— YOUR ASSIGNMENT —
Only the lines below from the one with "Poster Texturált magas" through the one with "- Birthday Gifts" are to be written out, exactly and without any images.

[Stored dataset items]
----------
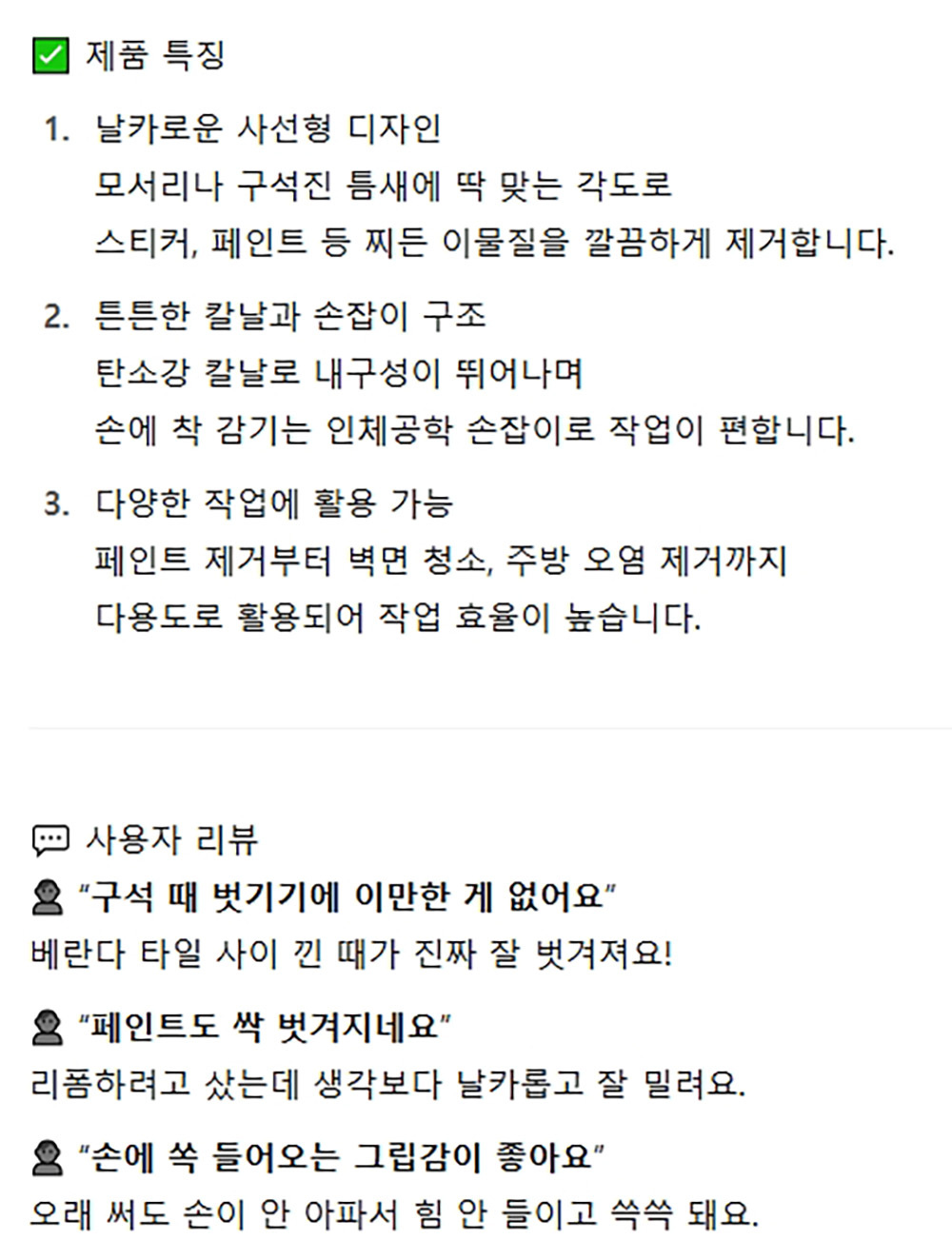 모서리 벽면작업 페인트 스티커제거 갈고리 스크래퍼
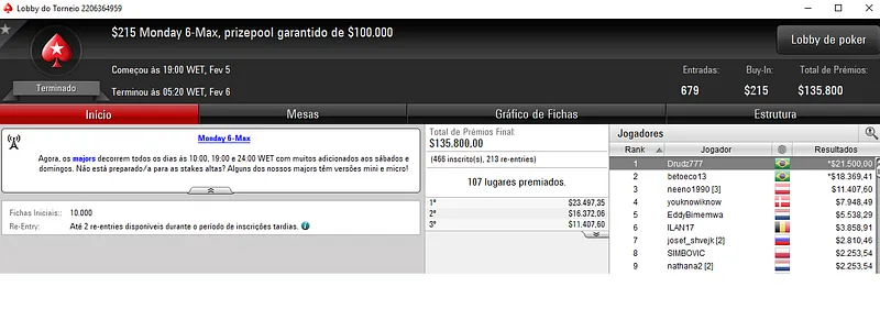 Drudz777 e betoeco13 Dividem Prêmios no $215 Monday 6-Max & Mais
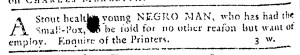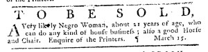 The Slavery Adverts 250 Project chronicles the role of newspaper advertising in perpetuating slavery in the era of the American Revolution. The project seeks to reveal the ubiquity of slavery in eighteenth-century life from New England to Georgia by republishing advertisements about enslaved people – for sale as individuals or in groups, wanted to purchase or for hire for short periods, runaways who liberated themselves, and those who were subsequently captured and confined in jails and workhouses – in daily digests on this site as well as in real time via the @SlaveAdverts250 Twitter feed, utilizing twenty-first-century media to stand in for the print media of the eighteenth century.
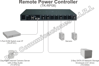 El controlador de alimentación remoto de 8 salidas (TK-RP08) ofrece un control remoto para apagar o encender dispositivos dentro de su red. Dé servicio, reinicie y resuelva los problemas de su red desde cualquier sistema computarizado.
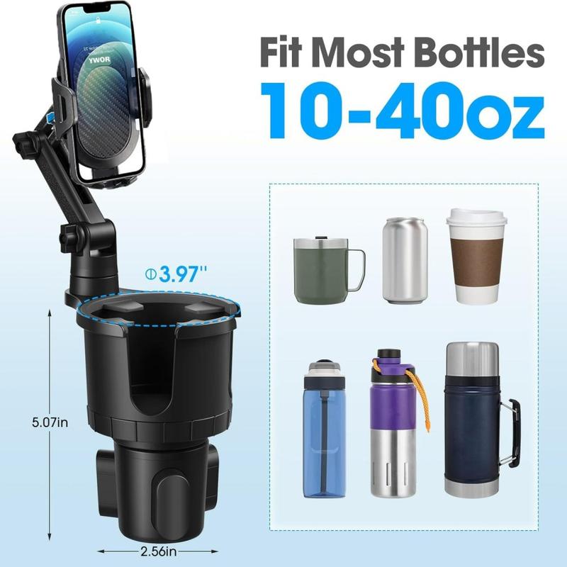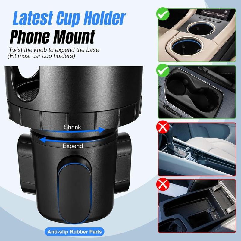 • Soporte 2 en 1 para el coche con fijación para el portavasos: soporte giratorio y ajustable en 360º con sistema de liberación rápida, apto para teléfonos de 4 a 7 pulgadas
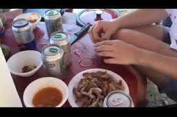 My wife is actually from a small village just north of Phan Rang. We spent some time shopping in Phan Rang, visiting the beach there and eating at a great little open street restaurant that night. We also took a boat ride up the coast and had a freash seafood lunch on a floating restaurant. The best food, however, was at a beach picnic our nephews took us on. It was a rocky beach, but a great viewing area. The guys went diving in the ocean and collected a big basket of sea snails, clams etc, etc. Cooked over a fire with a spicy diping sauce, washed down by cold beer, along with some beef that was B-B-Q ed- it was great. We ran into some other interesting folks there including a Vietnamese wedding picture taking party. They wanted pictures with all of us, but the bride especially wanted a picture with me. I thought that was slightly unusual, until it happened over and over at different places with many different young girls I finally determined it was because I was old, had a Budda belly, and was thought to be totally harmless.
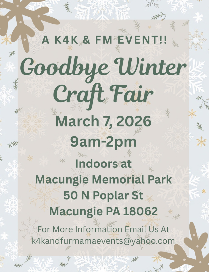 We at K4K & FM Events are excited to invite you to our annual 2026 Goodbye Winter Craft Fair!!! This is an indoor, 2 floor event. We anticipate 80+ vendors!!! Please mark your calendars to come on out and support local crafters/vendors!!
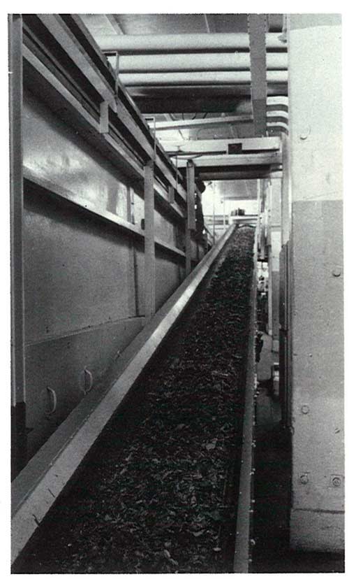 PVC-transportband voor tabakstransport. De transportband is aan de
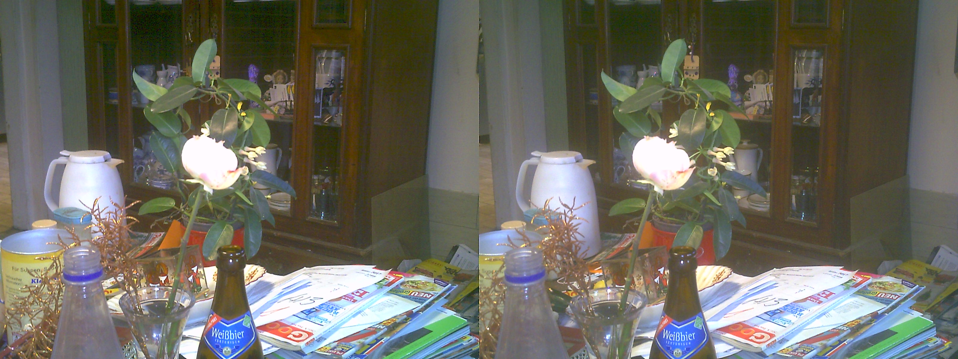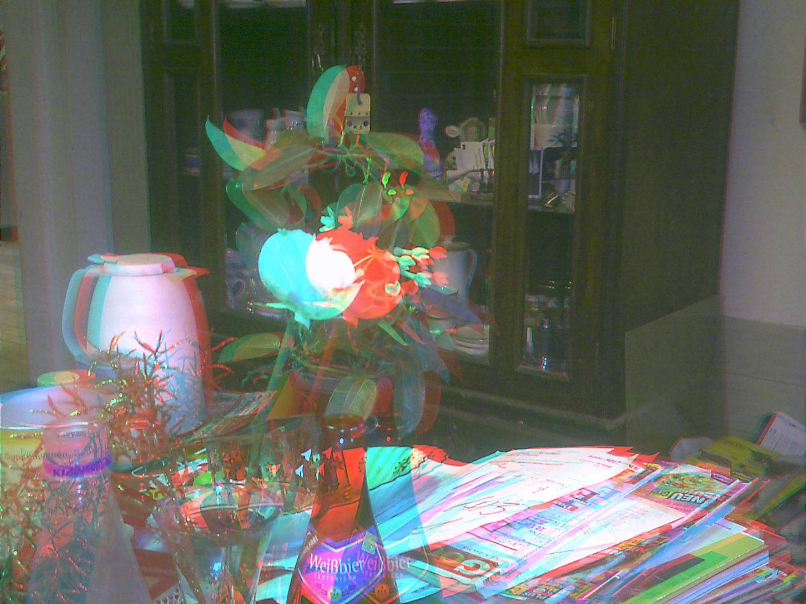 Die 3D Bilder aus der Camera kommen auf meinem Bildschirm ganz gut zur Geltung mit schönem Tiefeneffekt, wenn ich sie mit einer rot-blau Brille betrachte. Speziell das "Weißbier Foto" und die Analogen Filme im letzten Bild. Über eine rot-blau Umwandlung brauchst du dir keine Sorgen machen, sie werden schon als "rot-blau Bilder" ausgegeben Das rechte Objektiv dürfte etwas mehr verschmutzt sein als das linke
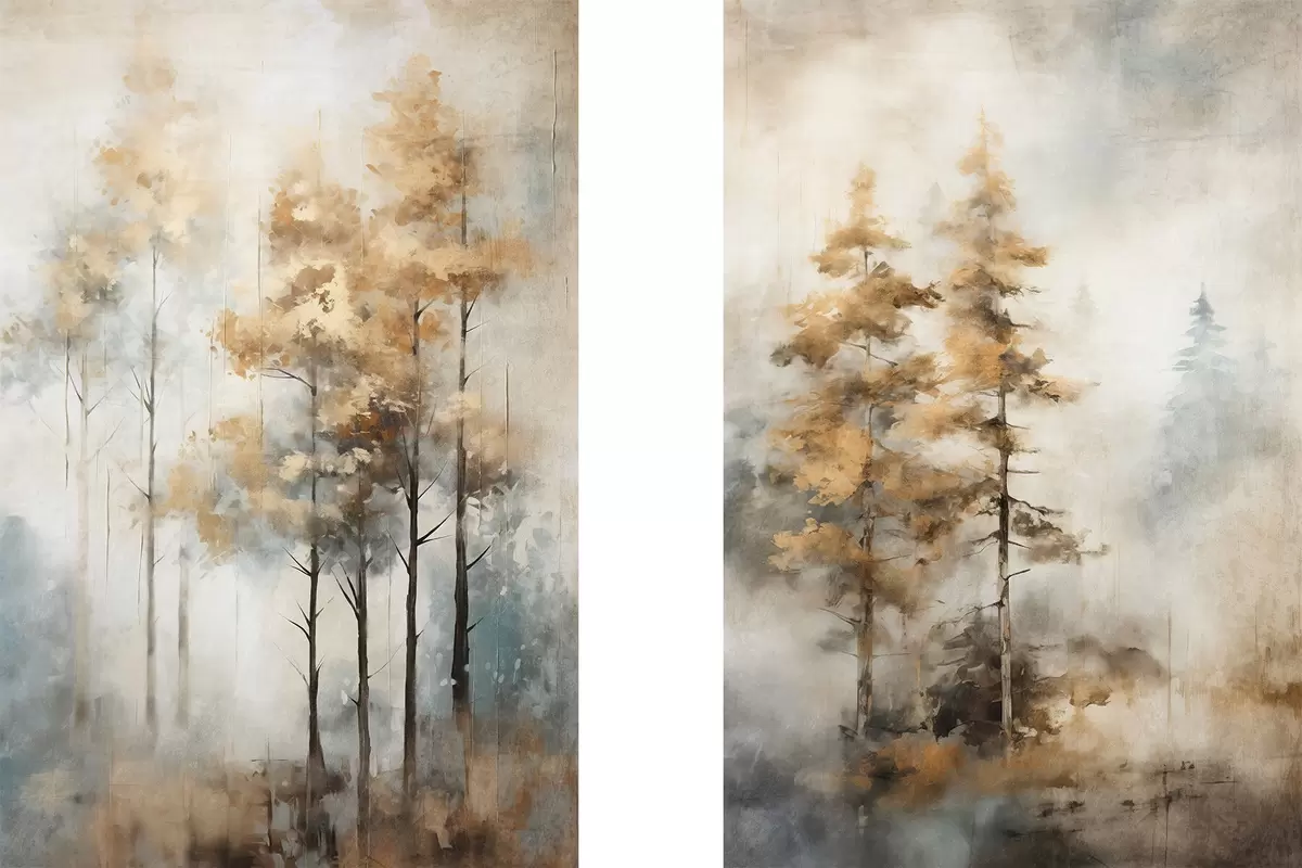 Poster Texturált magas fák sárga levelekkel egy erdőben , a háttér lágy kék és barna tónusok keveréke Nr d00528
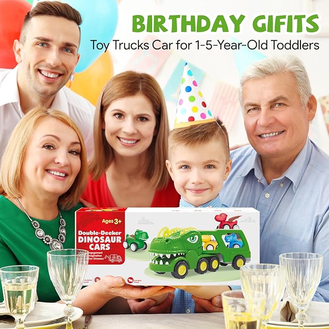 - Birthday Gifts for Boys: These dino toys truck is perfect toys for 2 year old boys and girls aged 3-7 who love trucks, toy cars, animals, and dinosaurs
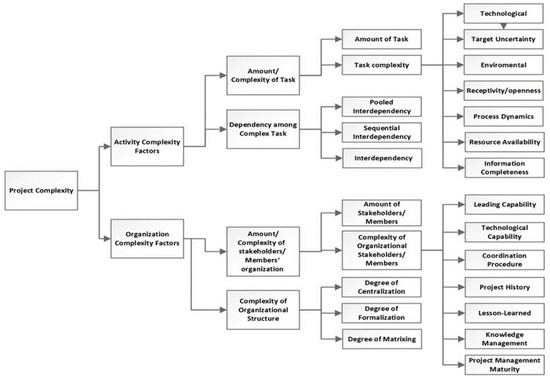 Construction programs have specific qualities in common. Any construction program is characterised by a high level of complexity [39]. Some scholars consider complexity a separate delivery attribute [42,81]; however, they have recently attempted to open up new managerial horizons to enhance an organisation’s ability in order to utilise capabilities and knowledge efficiently and explore strategies for reciprocating flexibly concerning the inherent complexity of CPD [29]. A structure was represented by [111] to find out complexity as an inherent part of any large-scale project by breaking it down (Figure 6). This tool allowed construction agencies and researchers to break down CPD complexity into smaller components and assign them different levels of complexity. The structure could address the hidden workload caused by complexity. As a result, the ancillary tool also gave users sensible foresight to efficiently plan the budget and schedule for a large-scale project by ascribing complexity to CPD attributes. The novel managerial paradigms developed by existing requirements have represented program management’s evolutionary components distinct from conventional project management values and principles.
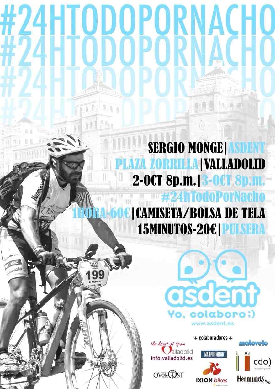 Pedalear sin parar durante 24 horas. Este es el reto al que se enfrentará Sergio Monge los días 2 y 3 de octubre en la plaza Zorrilla. Lo hará con un claro objetivo: recaudar fondos para Nacho, un niño de cuatro años que sufre la enfermedad de Dent y tiene que ser ingresado cada dos meses por las crisis que le provoca esta enfermedad que afecta al riñón y que tan solo ha sido diagnosticada a 14 personas en España. Pedaladas solidarias por Nacho.
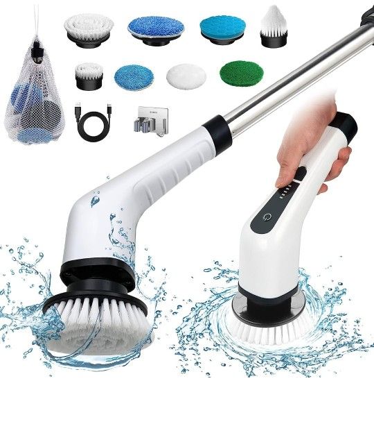 Electric Spin Scrubber, Cordless Bath Tub Power Scrubber with 8 Replaceable Drill Brush Heads, Shower Cleaning Brush with Adjustable Handle for Bathro
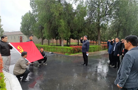 在五七干校舊址,大家通過觀看館內(nèi)大量留存的圖片、文字、實物等珍貴資料,再現(xiàn)了老一輩黨員干部在困境中堅持服務基層、服務百姓的感人場景,受到了一次鮮活的革命傳統(tǒng)教育和精神洗禮。紛紛為“五七”干校干部職工身處逆境樂觀向上、艱苦奮斗的精神點贊。隨后,在鮮紅的黨旗下,大家莊嚴地舉起右拳,重溫了入黨誓詞。
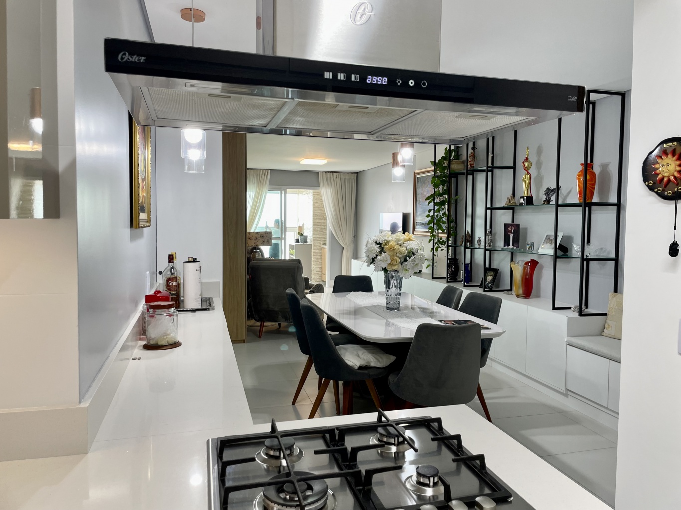 Além disso, você terá à disposição 04 quartos sendo duas suítes, sala de estar, sala de jantar, cozinha, sacada com churrasqueira à carvão, área de serviço e vaga de garagem
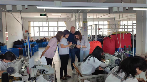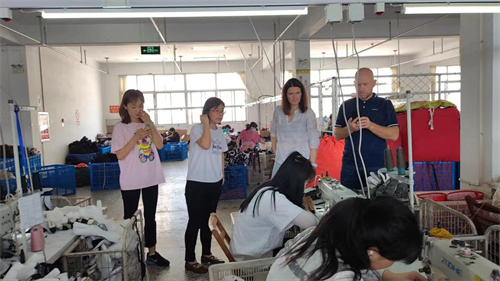 國外客人在工廠視察訂單生產(chǎn)情況?
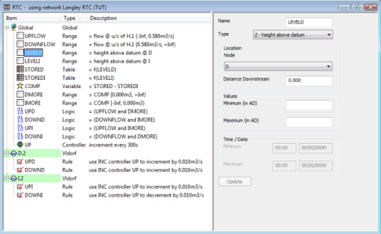 Condition: DOWNDRule type: CTRL Controlloer: UP Setpoint type: FIXED -0.010m3/s |
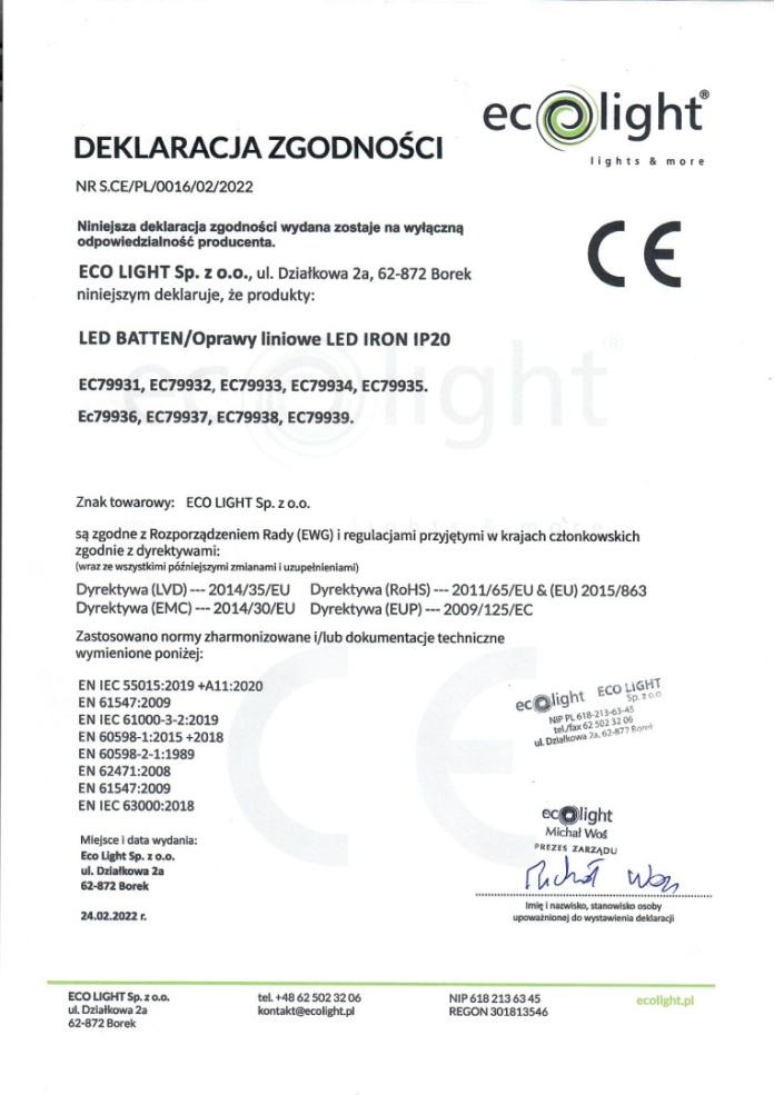OPRAWA LAMPA LED BATTEN IRON 60cm 18W IP20 4000K
----------
— EXERCISE OUTPUT —
 Poster Texturált magas fák sárga levelekkel egy erdőben , a háttér lágy kék és barna tónusok keveréke Nr d00528
 - Birthday Gifts for Boys: These dino toys truck is perfect toys for 2 year old boys and girls aged 3-7 who love trucks, toy cars, animals, and dinosaurs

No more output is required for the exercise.